***** ENTRIES SHOWN

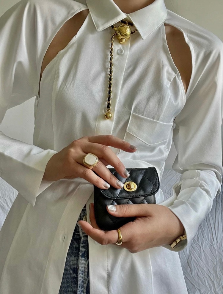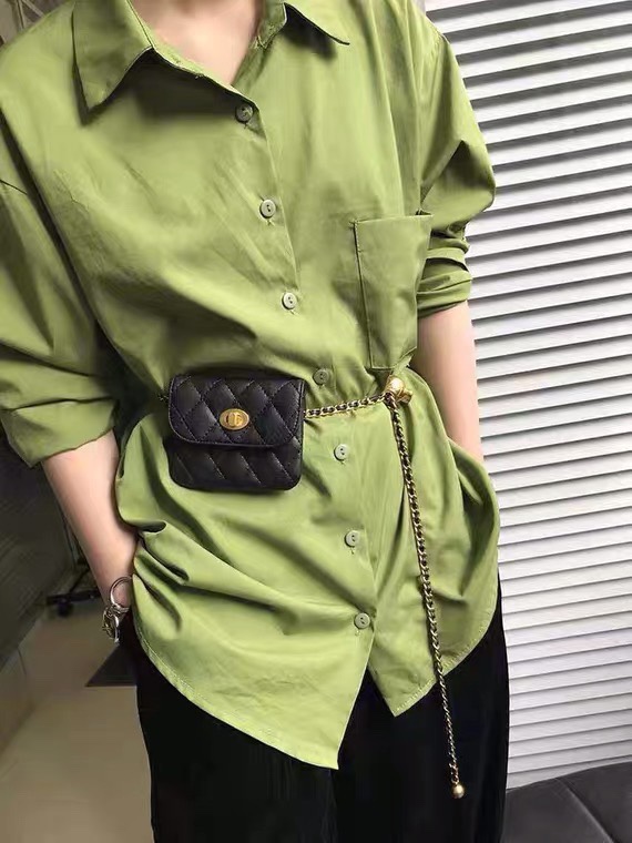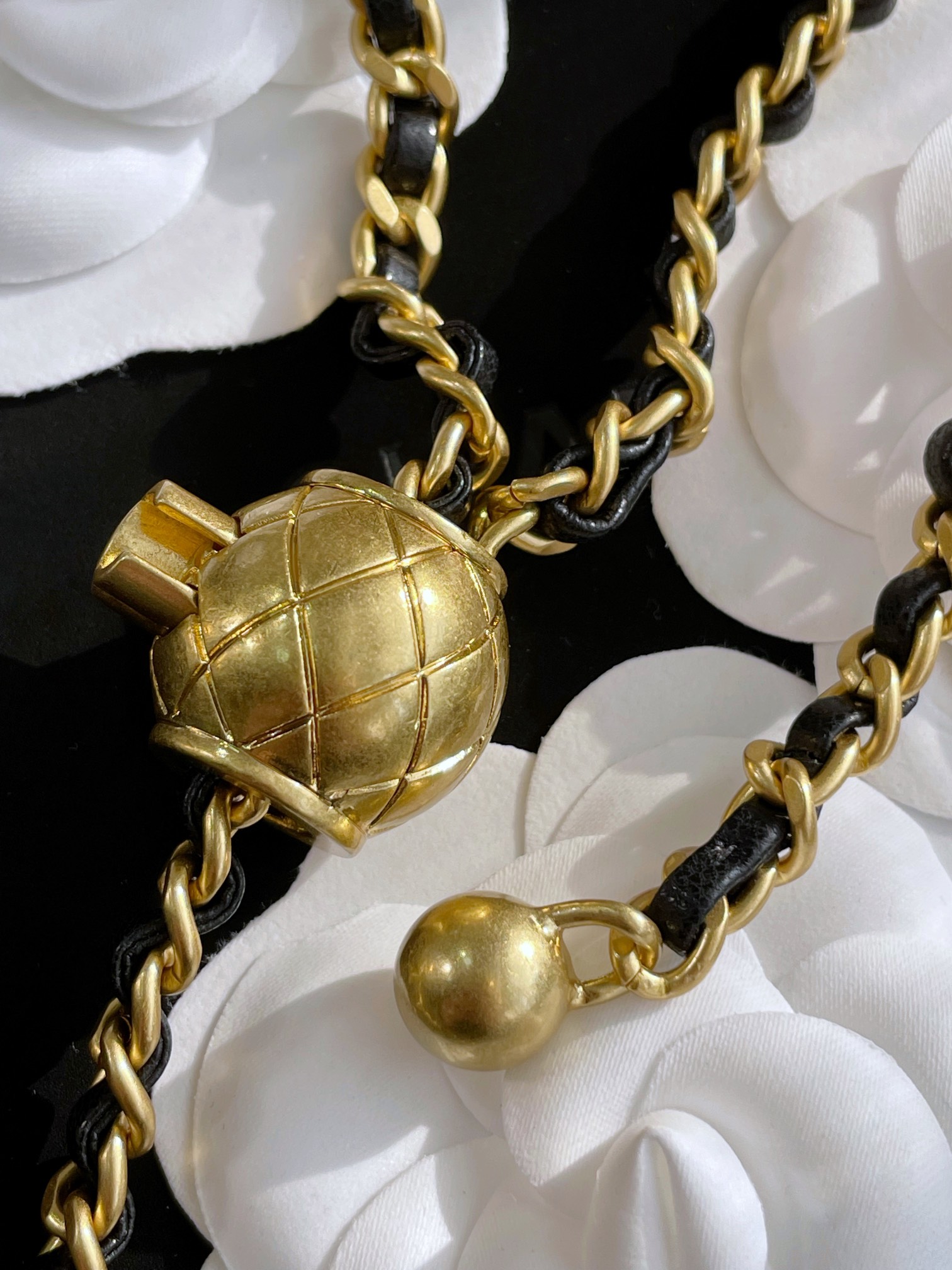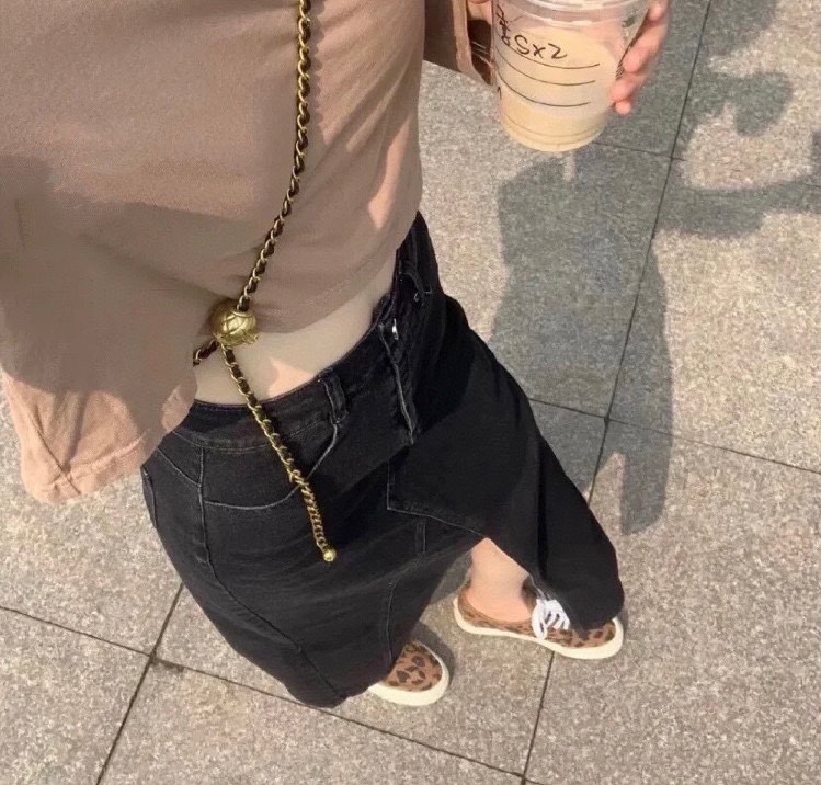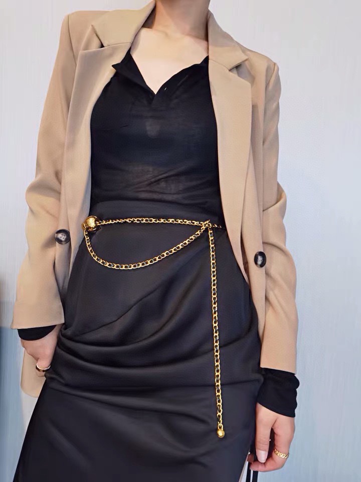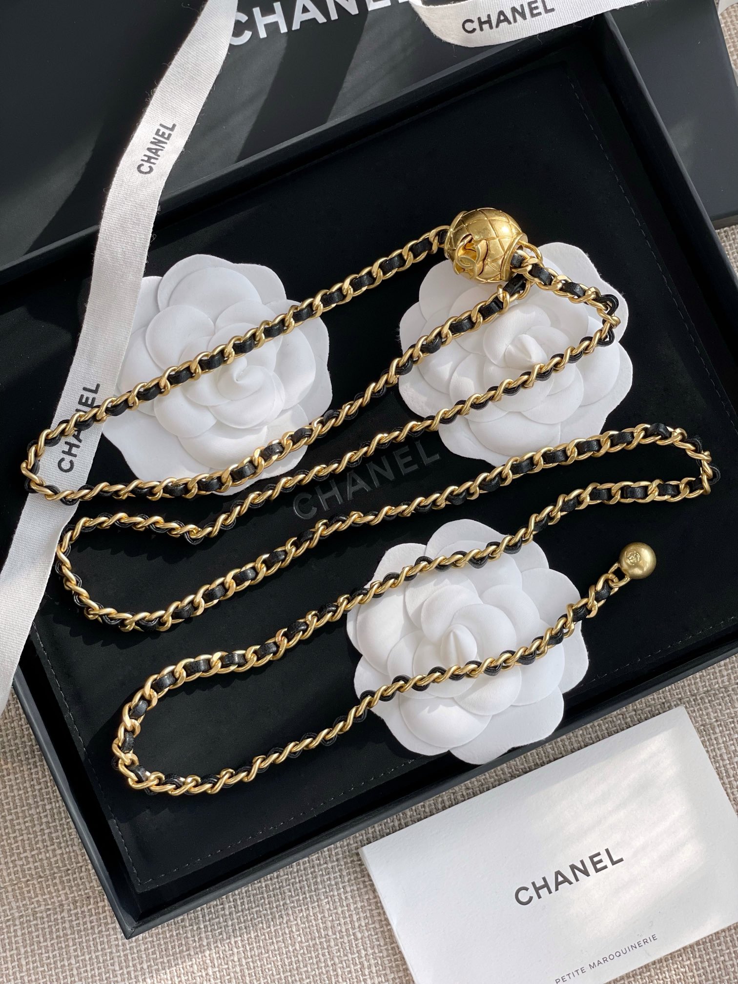 金球上的雙C標誌是調節按鈕,可自由調整長度,一條腰鍊即可變化多種造型——腰鍊、長鍊、短項鍊(繞兩圈)、斜背鏈、包包鏈,百搭又實用。
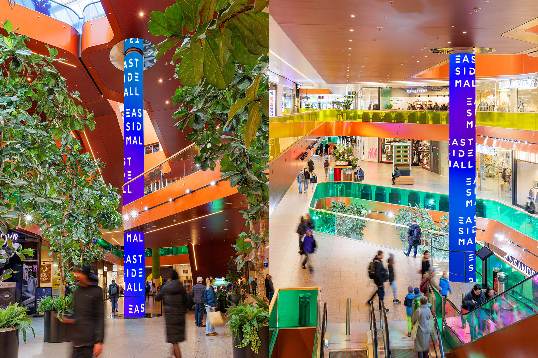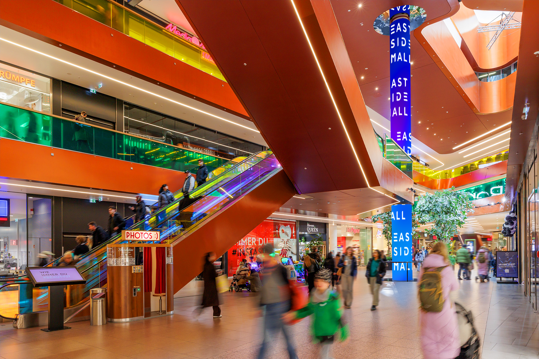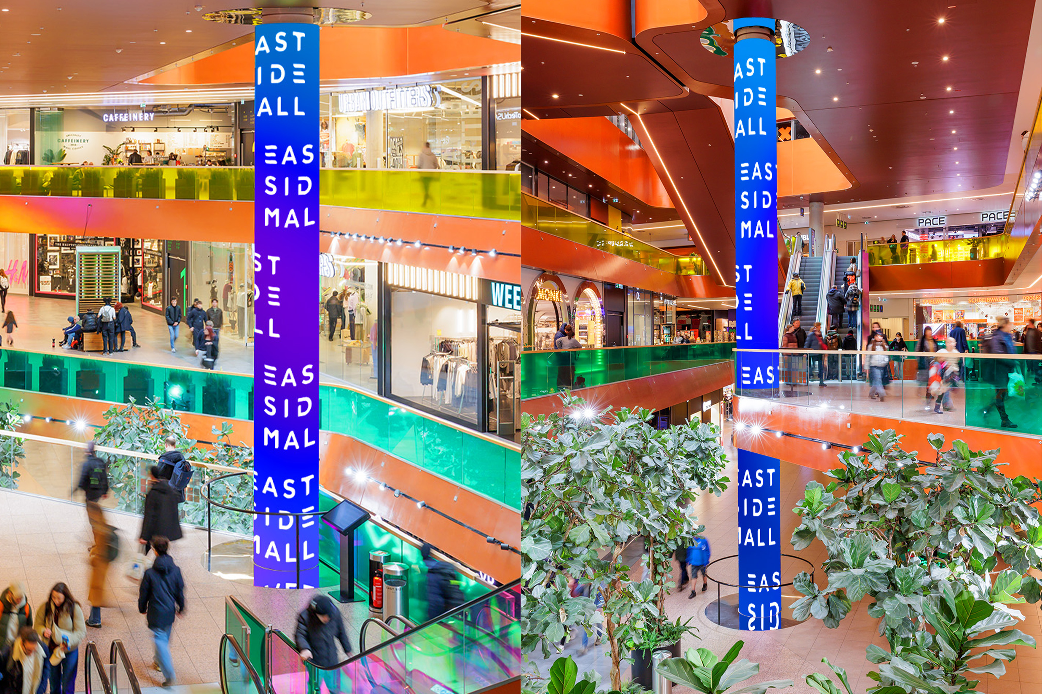 Unique lifestyle branding platform in the centre of the East Side Mall Berlin! At a height of 14 metres, the LED column lights up 360° on three levels right in the heart of the shopping centre. With over 100 shops on 3 floors and a sales area of approx. 25,000 m², the East Side Mall is one of the largest shopping hotspots in Berlin. In the immediate vicinity: Cultural highlights such as the East Side Gallery and the Uber Eats Music Hall, which make the area a destination for art and culture lovers.
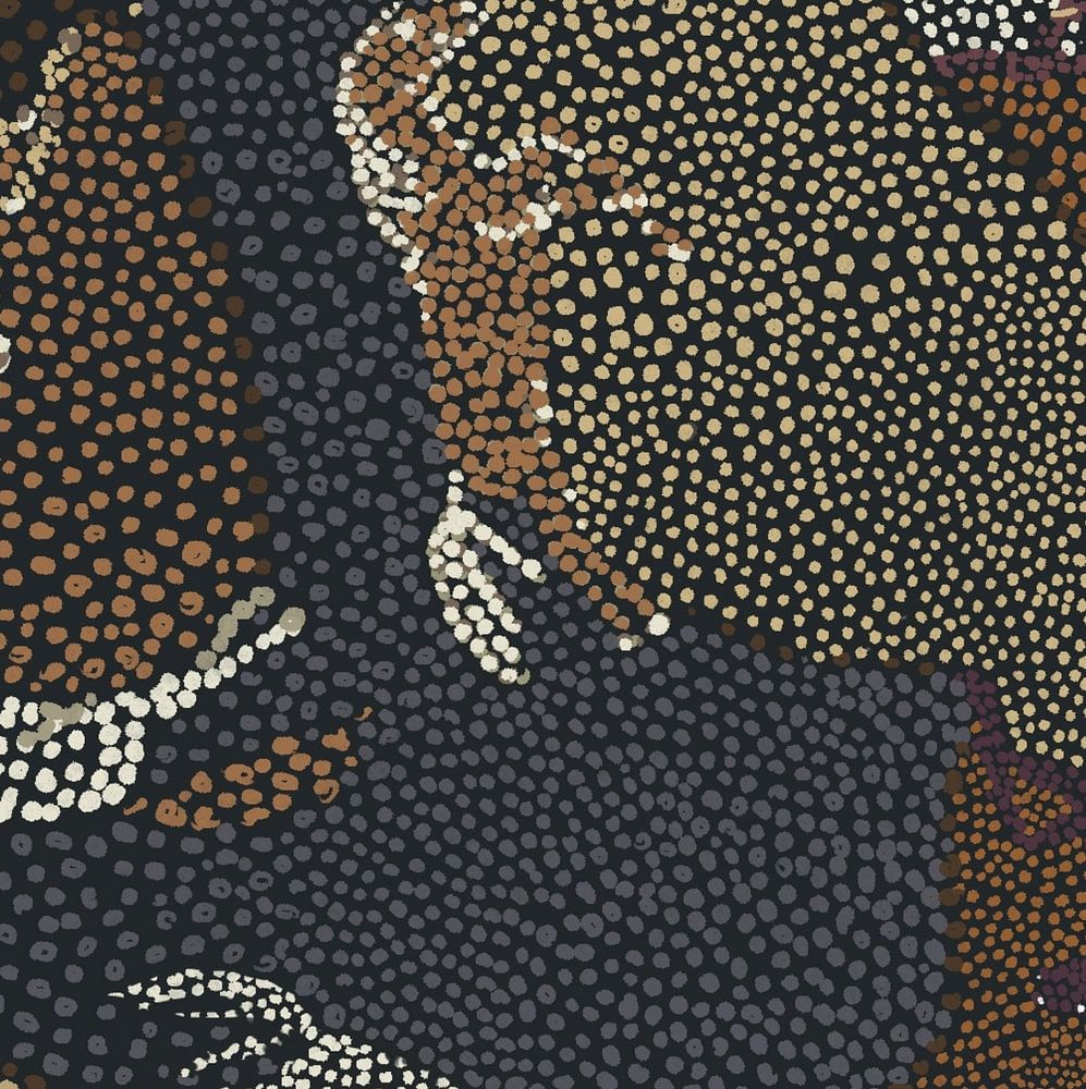Pferde auf der Weide von Go van Kampen, gemalt in einer von der Kunst der Ureinwohner inspirierten Tupftechnik.
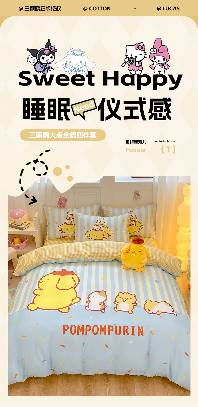 当前位置: 91家纺网 > 商品网购 > 床品套件 > 四件套 > 全棉普通四件套 > 博雅 2025春夏新款全棉纯棉三丽欧新款大板四件套 全棉大版(口袋枕)小彩带布丁狗
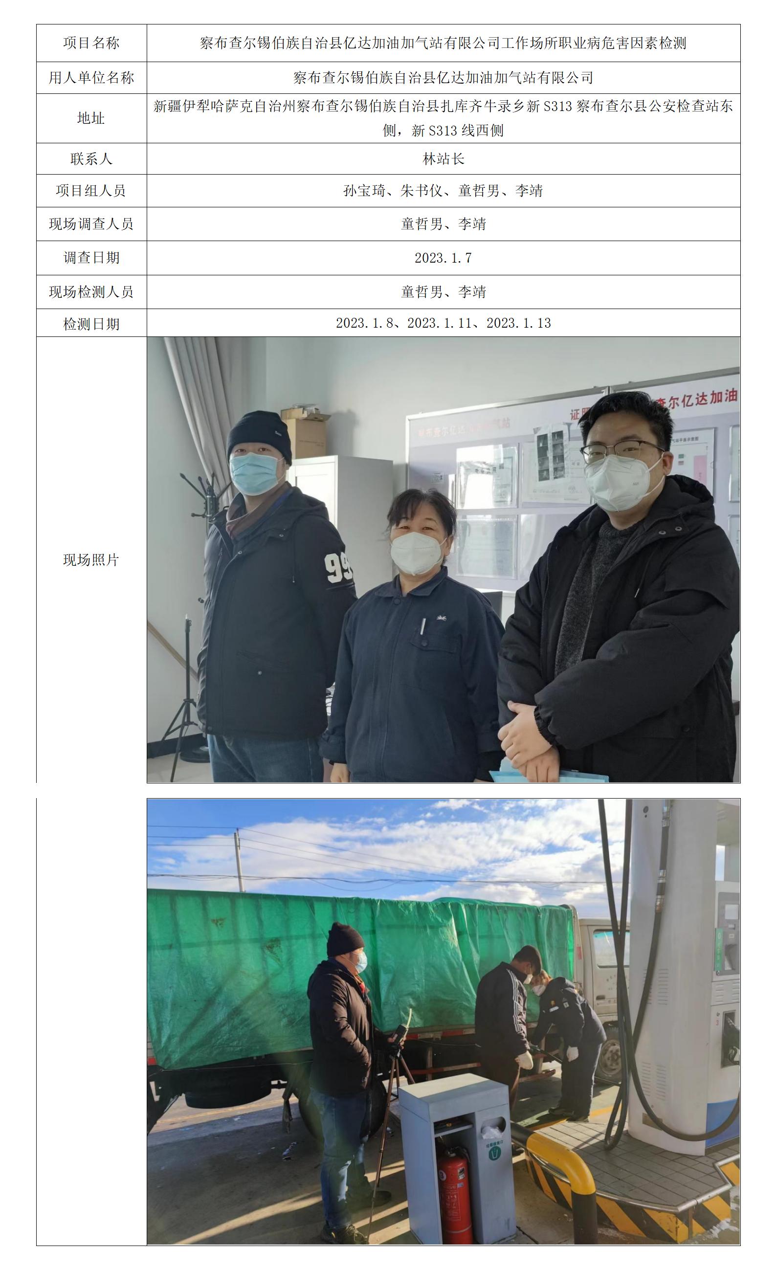 察布查尔锡伯族自治县亿达加油加气站有限公司工作场所职业病危害因素检测

**********

(DIRECTIONS) From the line containing "当前位置: 91家纺网 >" through the last line of the entries, both included, print each line exactly and omit any picture.

(TASK RESPONSE)
 当前位置: 91家纺网 > 商品网购 > 床品套件 > 四件套 > 全棉普通四件套 > 博雅 2025春夏新款全棉纯棉三丽欧新款大板四件套 全棉大版(口袋枕)小彩带布丁狗
 察布查尔锡伯族自治县亿达加油加气站有限公司工作场所职业病危害因素检测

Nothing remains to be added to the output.